Yine de zombi fantezisi, bir korku fantezisi olarak zombi fikri elbet 'ölünün musallat oluşu' olarak daraltılamaz. Her zaman bir istila olarak düşünüldüğünden soyutlama 'ölüme' dairdir. Ele geçirilemeyen, zaptedilemeyen, ehlileştirilip üzerinde tahakküm kurulamayan olarak 'ölüm'. Kendisiyle konuşulamayan, büyük sessizlik olarak doğa değil de 'ölüm'.

Düğümün büyüğü 17. Yüzyıl düşüncesinde atılmıştır: düşünce, devlet ve kendi kendinin nedeni kavramıyla. Çok sonra antropolojiyi kültüre eğilmiş disiplin olarak düşünürken kültürü de 'insanın yapıp ettiği her şey' olarak tanımlayan 19. Yüzyıl düşüncesi, kültüre dair bu kavrayışla 17. Yüzyılı selamlıyordu. Üç yüzyıldır süren bir projenin, insanın varoluşu ve sahip olunabilecek her şeyi ve dahası kendi yaşamını 'kendileştirmesi' ya da 'insanileştirmesi' ya da 'kültürel kılması' olarak görülebilecek bir projenin iflasıdır da zombi. Yaşam’ı ve yaşamın kaynağı olarak görülecek her şeyin insanın hanesine kaydedilmesinin tarihi olarak 'biz'.

Ulaşılamaz, ele geçirilemezin alanı olarak dışarının ortadan kaldırılması. 17. Yüzyıl bu anlamda büyük adımlar atmıştı. Kendinden önceki Aristotelesçi kozmos kavrayışını yerinden etmişti; eski kavrayış ay altı ve ay ötesi diye ikili bir kozmos anlayışını düşünerek kavrardı evreni. Böylece ay ötesi olan nüfuz edilebilir olmaktan dışarı çıkarılıyordu ama buranın da kaynağı oraya kaydediliyordu. 17. Yüzyıl düşüncesi teleskobun icadının da desteklediği üzere homojen bir evren kavrayışını getirdi; böylece insan duyularının ulaşamayacağı yerler, karanlıkta kalan yerler şimdi buranın bir uzantısı ve eşi olarak düşünülmeye başlandı. Newton ile birlikte 'doğa yasası' kavrayışı düşüncemizde derinlere doğru nüfuz etmeye başladı. 'Doğa yasası' insan için evrenin her yerine yayılıp onu ehlileştiriyordu, bilindik kılıyordu.

DEVLET VE ZOMBİLER

İnsanileştirme, ya da kültürel kılma, devlet ve zombiler iç içe geçen fikirlerdir ve bizi yine 17. Yüzyıla gönderirler. Zombiler gelir ve devlet ortadan kalkar; devletin ortadan kalkması hiç tereddütsüz toplumun da ortadan kalkması olarak düşünülür.

. .

Yeniden söylersek: Ölüm gelir ve devlet sahneden çekilir. Çünkü 17. Yüzyıl bizim bugün siyaset bilimi içinden hem varlığını ilan ettiğimiz hem de kavramaya çalıştığımız –ama aynı zamanda ısrarla ayakta tutmaya çalıştığımız mı demeliydik?- 'siyasi iktidar' olarak 'devlet'i düşünürken arka plandaki amaç hep 'ölümü ötelemek'ti.
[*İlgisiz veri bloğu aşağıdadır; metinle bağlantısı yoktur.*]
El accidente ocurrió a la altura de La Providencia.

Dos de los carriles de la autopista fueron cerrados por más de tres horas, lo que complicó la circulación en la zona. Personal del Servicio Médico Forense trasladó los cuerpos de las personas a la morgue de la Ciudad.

Hiç şüpheye kapılmadan, Hobbes’un altında her birimizi 'eşitler' ya da devletle birlikte düşünülebileceğimiz 'vatandaşlar' olarak düşünmeden önce eşitliğimizi “ölüm” karşısında düşünmüştü. Devlete sahip olmadan önce bizler zaten yürüyen ölüm olarak düşünülüyorduk. Devlet ise ölümün ötelenmesi olarak sahneye buyur ediliyordu. Madem devlet gelerek ölümü öteliyordu o halde eğer zombiler ölümün yürüyen hali olarak sokakları istila ediyorlarsa bu sefer zombilerin devleti ötelediklerini düşünebiliriz.

Hobbes’un akıl yürütmesi 'doğa durumu', yani 'herkesin herkes ile savaşı' kelimenin tam anlamıyla kurguydu. Bu kurgu yalnız, kısa, sefil ve vahşice bir ölümü vadediyordu.
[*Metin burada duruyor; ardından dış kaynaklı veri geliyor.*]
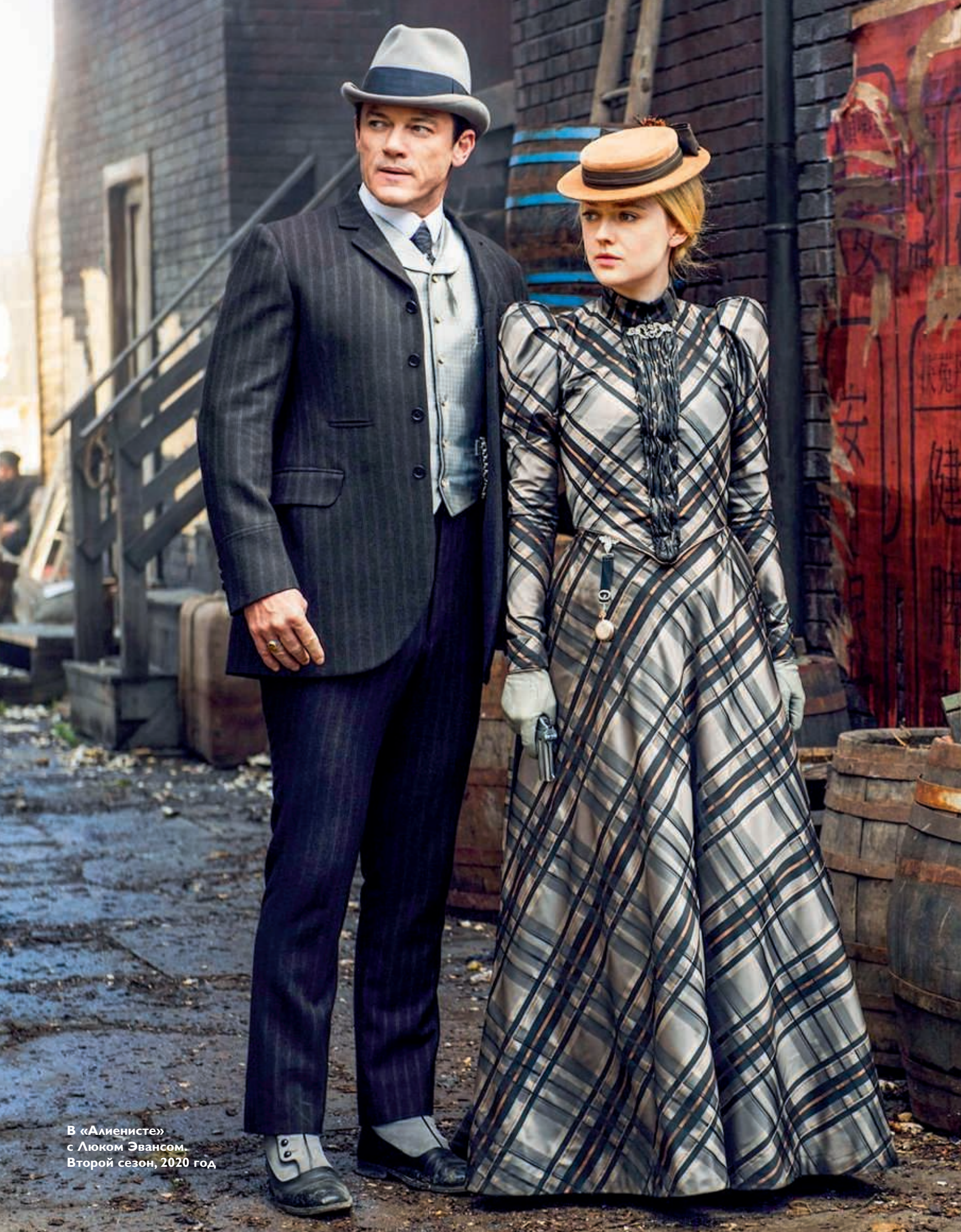
В «Алиенисте» с Люком Эвансом. Второй сезон, 2020 год

Devlet bunu ortadan kaldırmak üzere çağrılmıştı. Nesnel olarak bu koşulların yeryüzünde hiçbir yerde gerçek olmadığını Hobbes’un kendisi de kabul ediyordu; hiçbir yerde insanlar insanların kurduna dönüşmemişlerdi. Ama eğer devlet bu kurguyu önlemek için çağrılıyorduysa devlet olarak işlemesini beklediğimiz 'devlet aklı' içten içe yurttaşlarıyla ilişki kurarken bu paranoyakça kabulleri gözetecekti.
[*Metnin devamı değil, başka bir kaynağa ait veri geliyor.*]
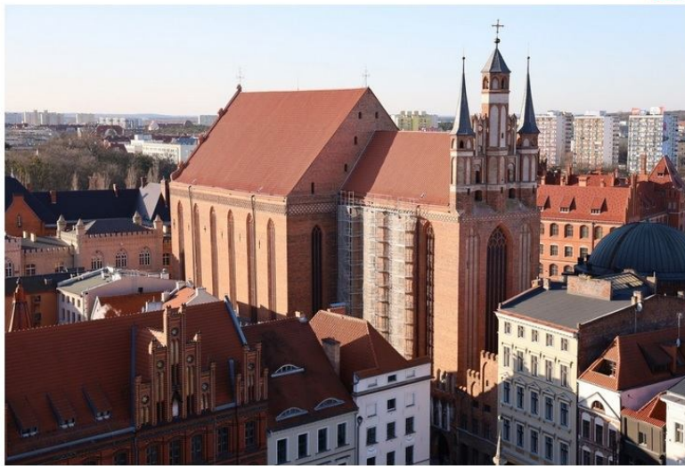
Toruń do Polski wšodł dopiero w 1925 roku

Toruń stara się o uzyskanie tytułu „Miasto przyjazne dzieciom”. To program UNICEF, którego celem jest poprawa jakości życia najmłodszych mieszkańców.
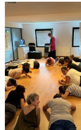
Bizkarreko mina kentzen du Elimina dolores de espalda ESTIMUA ESPACIO DE BIENESTAR

Bu durumda devlet öncesi bir 'doğa durumu' olmayabilir ama kendisini doğa durumunun değillemesi olarak gören devlet sonrasının devlet dolayısıyla 'herkesin herkesle savaşı' olacağını söylemek yersiz olmayacak. Demek ki zombilerin gelmesiyle devlet ötelenmemiştir; devletin gelmesiyle bizler içten içe zombi olarak kodlanmaktayız.